Maria's former husband and brother served in Viet Nam. One flew jets and the other commanded a river patrol boat, a PBR. She has come to offer me support and to meet the General. She says she isn't sure what she will tell her brother about this evening or how he might respond. A university librarian who does volunteer work with the local Battered Women's Taskforce and the Committee for U.S. and Latin American Relations, Maria does not share her brother's view of the war. She tells me of the time they went to the Viet Nam Veterans Memorial.

"He was terribly moved. He lost a lot of friends. It's still hard for him." I tell her that it's still hard for most of us.

Ross, an electrical contractor and Cornell University graduate, served in Viet Nam with the 4th Infantry Division like Larry. He is a quiet man, devoted to his wife and four young children. He did not stay to meet his former enemy, a decision made instantly upon the arrival of the film crew making the documentary about Tra. Of all the former soldiers and marines present, Ross protects his privacy and in turn his family's privacy, the most. He's been a banker, consulting engineer, run a painting contracting business in Saudi Arabia and sold gasoline at the pump in the small town in upstate New York where he grew up. In Viet Nam, he was one of only a few survivors in his platoon, after a Viet Cong ambush. Later, when the invading film crew and their Vietnamese director become intolerably intrusive, Tra banishes them to their own dinner with a few sharp words and the wave of his hand. Too late, though, for Ross who has already fled.

Towards the end of the evening, Alan, a former Platoon Sergeant with the 9th Infantry Division presents Tra with a fine fountain pen as an offering of peace and symbol of the General's new stature as a scholar and writer. Tra beams.

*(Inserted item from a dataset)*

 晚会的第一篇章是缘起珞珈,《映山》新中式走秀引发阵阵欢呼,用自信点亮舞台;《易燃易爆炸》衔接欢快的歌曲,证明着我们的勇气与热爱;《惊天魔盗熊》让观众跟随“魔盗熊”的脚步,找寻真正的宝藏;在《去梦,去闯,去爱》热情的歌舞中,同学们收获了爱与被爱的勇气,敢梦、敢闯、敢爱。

"You were all excellent soldiers and brave fighters, but you were not fighting just another army. You were fighting the people! But now we must forgive each other. We must be friends."

Alan has only recently acknowledged his service in Viet Nam. Now in real estate, he is a soft-spoken man who once lived on communes and baked bread for a living. He is a natural leader, as all really good Platoon Sergeants are, but for over twenty years has avoided anything to do with his past life as a soldier. I persuaded him to speak for the group and he reluctantly agreed. Alan has, on occasion, described himself as the last link in a chain of command that began with Robert McNamara in Washington and ended with him in the Mekong Delta. It was Alan who decided what trail to take or where to cross a river. He had to decide what squad would take the point and who would go out on night ambush. Alan, and not Robert McNamara, saw what the policy makers never see. Once he told me of a visiting general who descended from three thousand feet in his helicopter to inspect the scene after a particularly bloody firefight. The general became physically ill and quickly left in his VIP helicopter.

Glasses are raised. More words spoken. We look around at each other. Something astonishing has happened this evening, but we aren't quite sure what it is. There are handshakes and hugs. Tears and laughter. Sadness. Tran Van Tra knows well the inner pain that soldiers can feel. It is the pain that comes from that place in all our hearts that knows killing is wrong. It is always wrong even though governments may tell us that it is sometimes necessary. Tra, I'm sure, believes this as perhaps so do some of us, although for me twenty-one years later, it is difficult to find much to commend in what I did in that war. For Tra, I expect, it is different. His people won, but their suffering continues. He himself disappeared from sight--a victim of politics--in the years immediately after the fall of Saigon. It has only been recently that he has re-emerged as the aging war hero now given to more scholarly pursuits. We watch him leave that evening and slowly, as we have gathered, return to our separate lives.

After I met you general, I had the dream again. As always, my weapon is raised and my head pounding with fear. As always, I am trying to will myself to fire. As always, I do. I move up to check the bodies. They are Americans.